Does a charter holder have information the rest of us don’t have regarding the level 2 mps? My personal opinion is nobody will ever really know the answer. If you like the website I didn’t mean to offend you, just my opinion, but you can’t tell me that after reading the guide you were surprised to find out that people who pass generally do well in ethics, equity, fra and corp fi
I agree with you. It’s simple logic-- if you do well on the large portions of the exam, you’re more likely to pass. I’ve not read the 300 hours stuff (so I’m not knocking them/I don’t intend to), but I would imagine they’re not an independent researcher when it comes to the claim that “(more) people pass when they buy our book!” For all you know, they also did a study and found that, out of the people who passed, the candidates with more categories >70% (on average) were candidates who didn’t buy the book. However, you wouldn’t find them publishing this information…always consider the other angles…

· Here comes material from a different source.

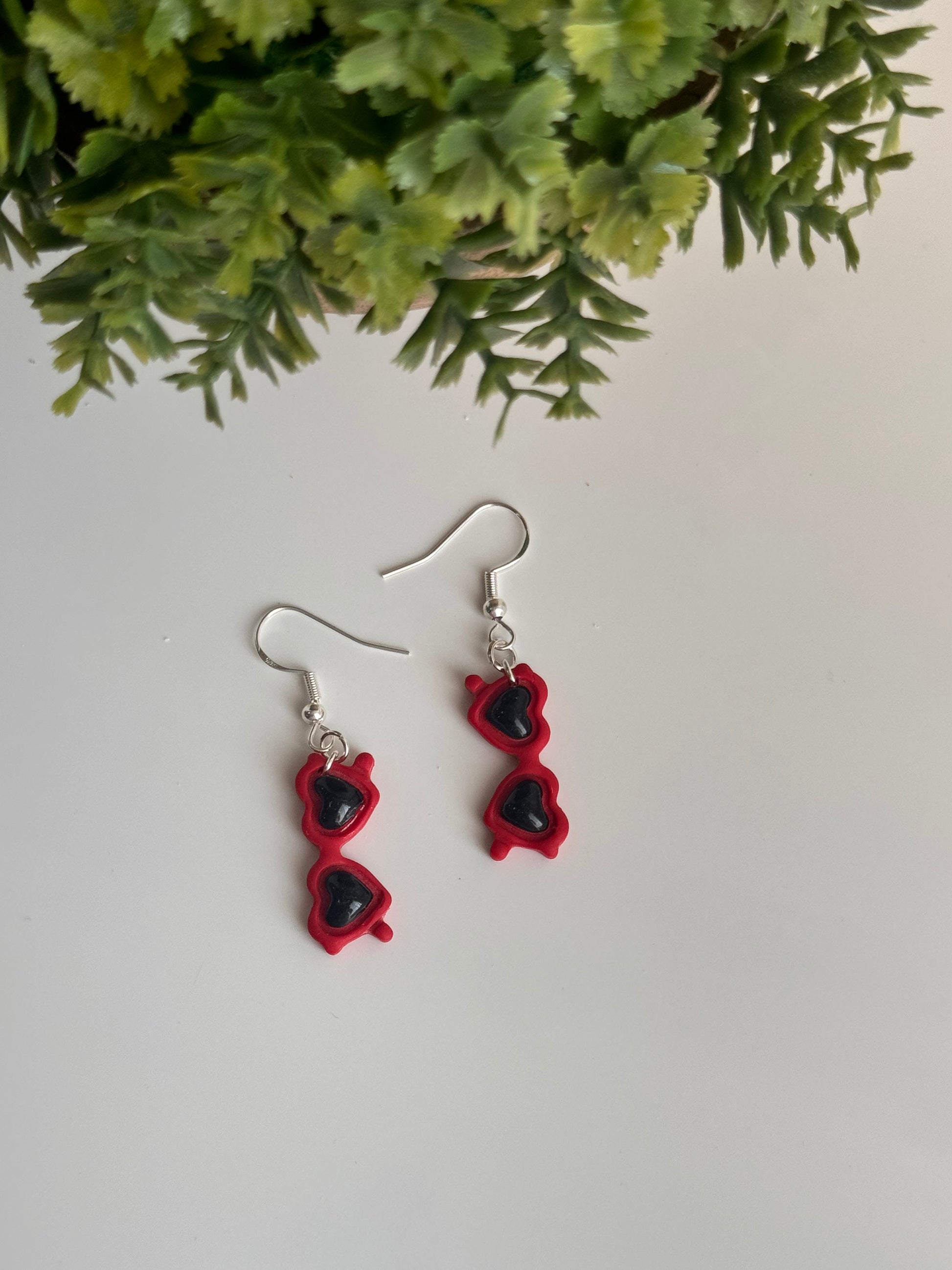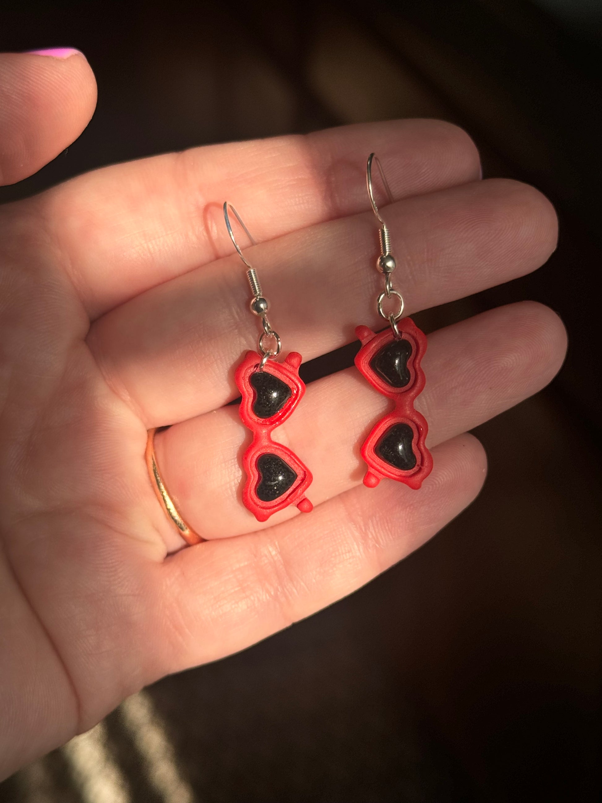Red Heart shaped sunglasses with black glitter lenses ✨

The biggest variable, IMO, is the validity of submitted results which they claim to intensely filter. However, N is “overstated” as I would think the only submissions that really matter are band 10 and passing candidates with the lowest breakdowns… All considered, I don’t think it would be hard to get within a percent or two of the exact score. The most interesting finding to me was the Level 1 results. L2 may have had a really high MPS but the pass rate was also high so it kind of makes sense. For L1, the most recent results imply the CFAI has made a decision to make passing Level 1 easier. June & December '12 and June '13 had an MPS between 62-64 and 37 and 28% pass rates, but both December 13 and June 14 have an estimated MPS of 56% and pass rates of 42 and 43%. If that’s a true MPS they just need to make the exam easier and raise the MPS… I don’t want word getting out you only need 55 to pass a 3 option multiple choice exam ha… No one will believe how “hard” that 55 actually can be…

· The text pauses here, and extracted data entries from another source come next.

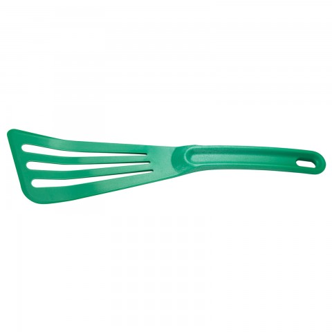 Hell's Tools® Spatula, 3-1/2" x 12" overall size, slotted, flexible blade, beveled edge, high temperature, impact resistant nylon rated to 430°F, green, NSF
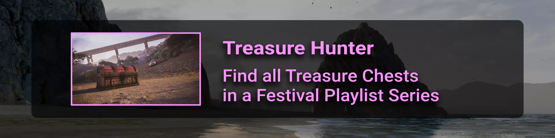 这是一个基于赛季的成就,所以请留意游戏列表中出现的【宝箱】季节性挑战。完成这些挑战,找到宝藏,这个成就就属于你了。 宝藏猎人挑战位于【节日游戏列表】菜单右侧的【挑战】中,标题为【宝藏猎人】。 在系列1中,有两个宝藏猎人挑战:第一个在夏季,第二个在春季。 找回这两个宝箱,你就能解锁该成就。 在未来的系列中,每个系列的宝藏猎人挑战数量可能会有所增减。 由于每个系列的宝藏数量不同,成就追踪器可能无法正常工作。 这是任务执行前的样子:
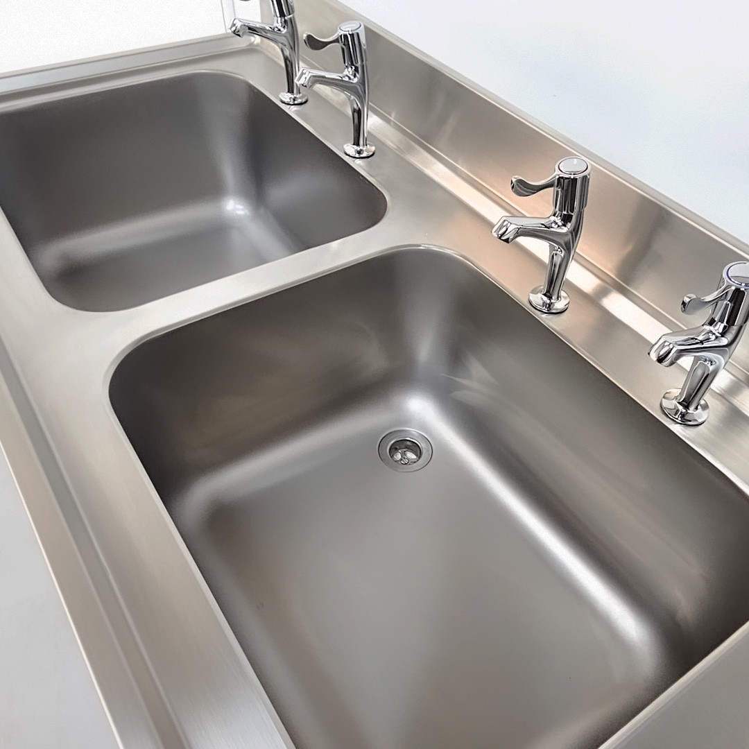 The Diaminox sink comes in a easy to assemble, flat pack design. Its stainless steel adjustable feet provide stability to the sink, with lever pillar taps included.
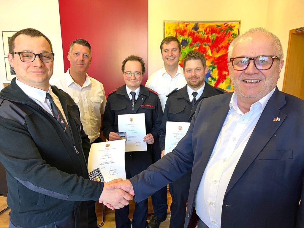 Zu den Terminen begrüßte Enders neben dem Brand- und Katastrophenschutzinspekteur Björn Jestrimsky auch Kreisjugendfeuerwehrwart Gerrit Lindlein sowie den Vorstandsvorsitzenden der Sparkasse Westerwald-Sieg, Dr. Andreas Reingen.

On another note, I heard a story of one candidate who was randomly selected to give feedback about the exam. She purposely stretched the truth about everything, claiming she studied over 500 hours but found the CFAI material didn’t adequately cover the tested topics and made a bunch of other particular claims. She was careful to make sure her innacurate feedback wasn’t to the point of being unbelievable… If people were to collude and do the same this probably could have a significant affect on the MPS, although I personally wouldn’t want the value of the exam to be degraded in such a way, I wonder if others who were asked thought and acted in this manner…
I’m pretty sure the MPS is not 55% or even close that. If you understand the curriculum and are well prepared, you can score 70% or above on a mock exam. The real exam is not systematically harder than the CFAI mock exams. Therefore, without analyzing any result sheets (which does not seem to be possible with any great degree of precision anyway) I’m quite sure that the MPS is between 65% and 70% in most years.
I don’t want to shatter any hopes here, but if the MPS were in the low Sixties or even below that, we wouldn’t have a pass rate of just 40-50% on L2.
if you look at people that fail “55%”, my guess is that more than half of those did not adequately prepare (zero mocks or practice exams/ did not cover full curriculum/ did not do enough practice problems or BB). That covers 25% total candidates… My guess is that 30% of people that fail by definition “Band 7-10” are close and failing may be based on final week preparation… Band 10 is certainly unlucky and within 1-3 question of MPS
In fact you must score good in all topics in order to secure a pass. What I found in that book is that many people did bad on quantitative and economics which are around 20% of the exam both (for Level 1 in that time), you don’t talk about those. Many people take care about the “important” topics and still fail.
I would say it’s a bit of a stretch to say you need “good” performance at a minimum (especially if you can pass with <70% overall). I would say “good” performance would land you an 80% on the entire exam, at least (assuming we could know the score).